Besides collecting data related to the RTPTA model, additional data was collected related to the specific implementation of this SMSS. The additional questions focussed on satisfaction with the training given in using the system (training), patients’ options on conducting self-management through the system (self-management), contact with doctors (doctor), the time needed to use the system (time), the use of the creatinine device measuring kidney function (creatinine), the use of the blood pressure meter (blood pressure), and their feeling of conducting self-management at home (feeling, only asked at T1 as patients had to have experience with using the SMSS before being able to respond to these items, see Additional file 1). All items were rated on a 7-point Likert scale with 1 for totally disagree to 7 for totally agree with the statement.

Procedure

Intake and training procedure differed between patients receiving a kidney from a living donor and those receiving a kidney from a deceased donor. For recipients of a living donor kidney, the transplantation procedure could be well prepared, so they received an explanation about the experiment, signed the consent form, and got access to MNI website and eLearning before the transplantation. They were explained how to use the system and were encouraged to try it themselves before transplantation. For patients who received a kidney from a deceased donor, the whole procedure was postponed to after transplantation, but was preferably arranged before discharge from the hospital. Around the day of discharge (T0), all patients were asked to complete the T0 questionnaire.
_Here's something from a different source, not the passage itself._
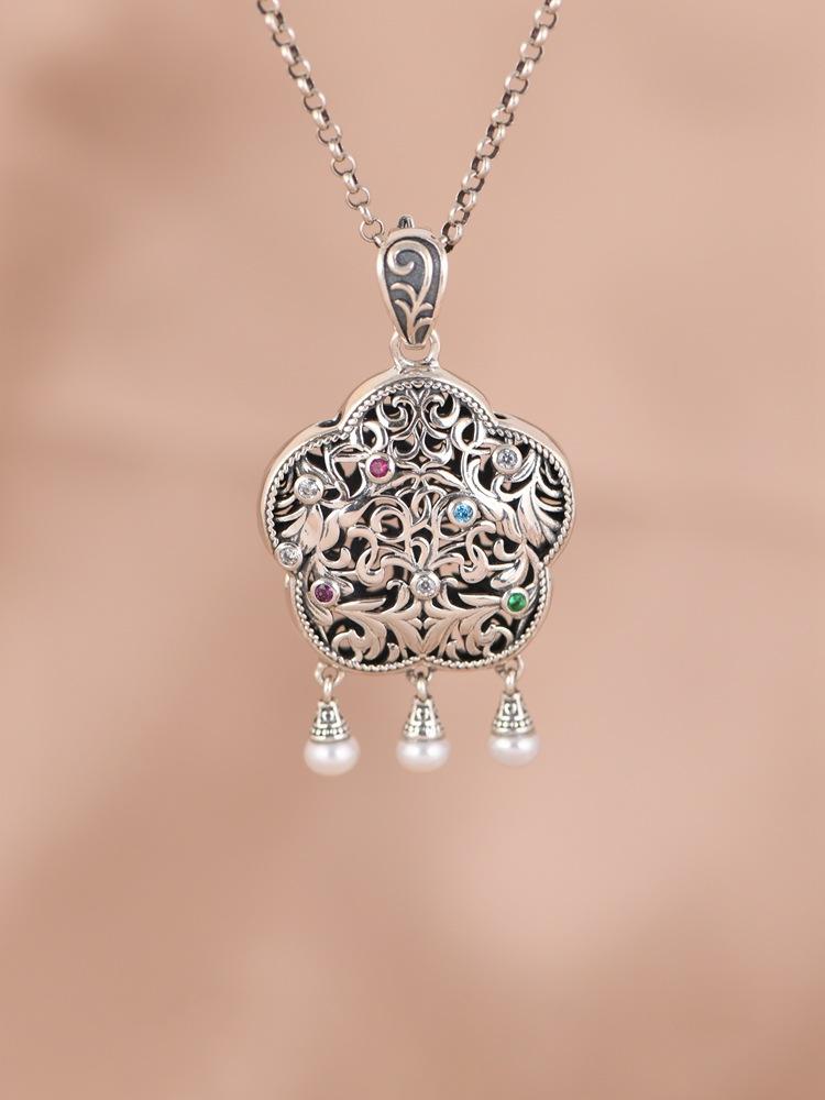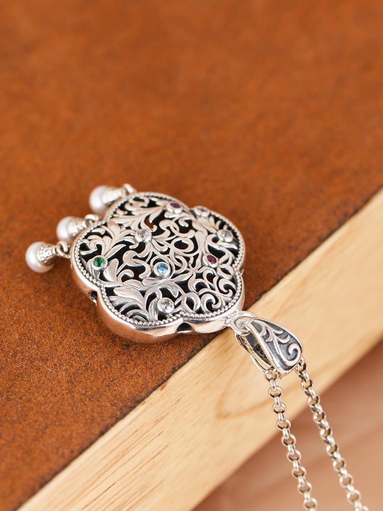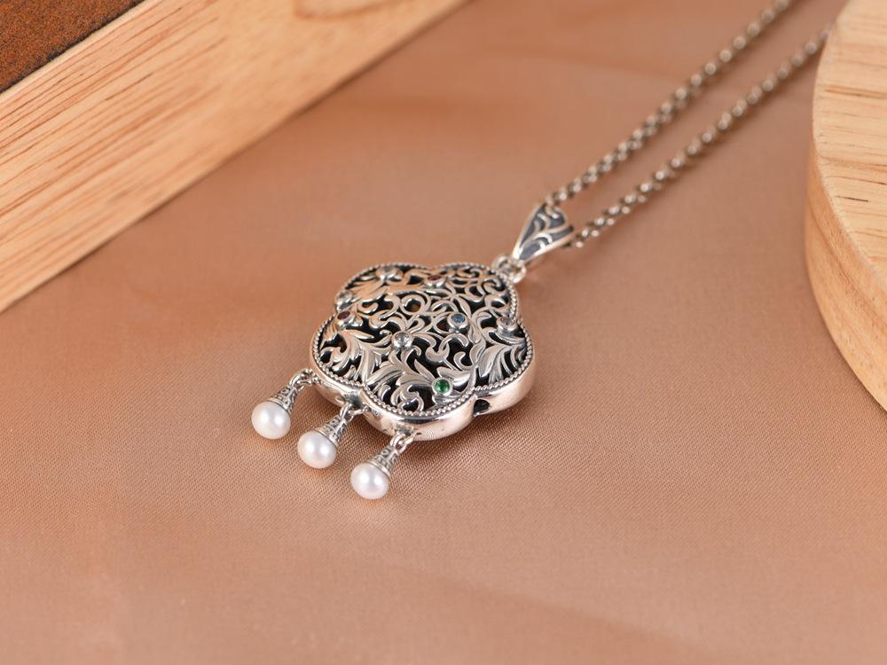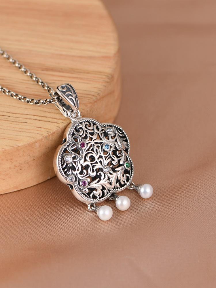 Colgante de plata S925 con diseño de ciervo dorado, estilo retro, con borlas de perlas y cierre de plata, con diseño de hierba Tang hueca, accesorios para collar de mujer

At home, patients were asked to use the system regularly, according to a predefined schema for 1 year: measure and log the data daily during the first 4 weeks, every other day for week 5–9, twice a week for week 10–15, and weekly from week 16 onwards. After 4 months of using the system (T1), patients were again asked to complete the questionnaire. Both the baseline and the follow-up questionnaires were distributed in paper form.

Participants

The intervention group consisted of renal transplantation patients who had their most recent transplantation in the LUMC. Sixty-five patients were enrolled into the trial, fifty of them responded to the questionnaire at least once, and 47 completed the 1-year trial. Eighteen patients dropped out: one patient’s transplantation was cancelled, four patients cancelled participation before start, one patient was excluded due to high level of creatinine after transplantation, two patients died before start, one patient died after start, four patients never used the system, and five patients quitted after using the system for a while. These five patients indicated a variety of reasons for this: variety in self-measured creatinine values (n = 3), stress caused by self-monitoring (n = 1), and too little benefit (n = 1). The profile of the participants who responded to T0 and T1 questionnaire is shown in Table 1. In both cases, 46 patients completed the questionnaires. Although these populations were not made up of the exact same responding patients, no significant differences in profile were found between the populations who responded at T0 and T1.
Table 1
Participant profile
Participants
T0
T1
Number
46
46
 Male (%)
30 (65.22%)
29 (63.04%)
 Living donor recipients (%)
40 (86.96%)
39 (84.78%)
 Dialysis before transplant (%)
24 (53.17%)
23 (50.00%)
Age at transplant (sd)
51.43 (14.09)
51.87 (14.33)
Educational level
 Median (number, %)
Middle (24, 53.17%)
Middle (22, 47.82%)
 Mode (number, %)
Middle (24, 53.17%)
Middle (22, 47.82%)
Number of kidney transplants
 1
43 (93.48%)
42 (91.30%)
 2
3 (6.52%)
4 (8.70%)
PIH - knowledge score (sd)
7.88 (1.31)
7.96 (1.33)

Data preparation

Not applicable and missing data

A distinction was made between situations where participant specifically indicated that a question was not applicable (NA) for them, or when they had left the question unanswered, i.e. missing values. The relative NA percentage, i.e., the number of NA/(the number of participants - the number of missing values) × 100% for each item was calculated. The majority of questionnaire items (77.03%) had less than 5% of the participants rated the question as NA. However, items with a relative NA percentage above 1.5 × interquartile range (4.88%) + 3rd quartile (4.88%) = 12.20% were regarded as outliers [50] as apparently an unusual number of patients considered them as not applicable to their situation and were therefore not appropriate items to capture the underlying constructs across the patient sample. Twelve items (18%) turned out to be outliers and were therefore removed from the analysis, leading to the removal of the social influence construct all together and facilitating condition item 3 and 4 (all at T0 and T1, Additional file 1). For the remaining items, ‘not applicable’ was treated as missing.
There were 394 (12.71%) values missing in total. Fifteen out of fifty (30%) participants answered all the questionnaire items, and none of the items was answered by all participants. To avoid exclusion of participants and thereby biasing the analysis [51], Maximum Likelihood methods using the expectation–maximization (EM) algorithm was applied to substitute missing data of the RTPTA questionnaire items. This method produces unbiased parameter estimates with missing (completely) at random data [52]. Patients’ age, gender, type of donor, and pre-transplant status were used as predictors.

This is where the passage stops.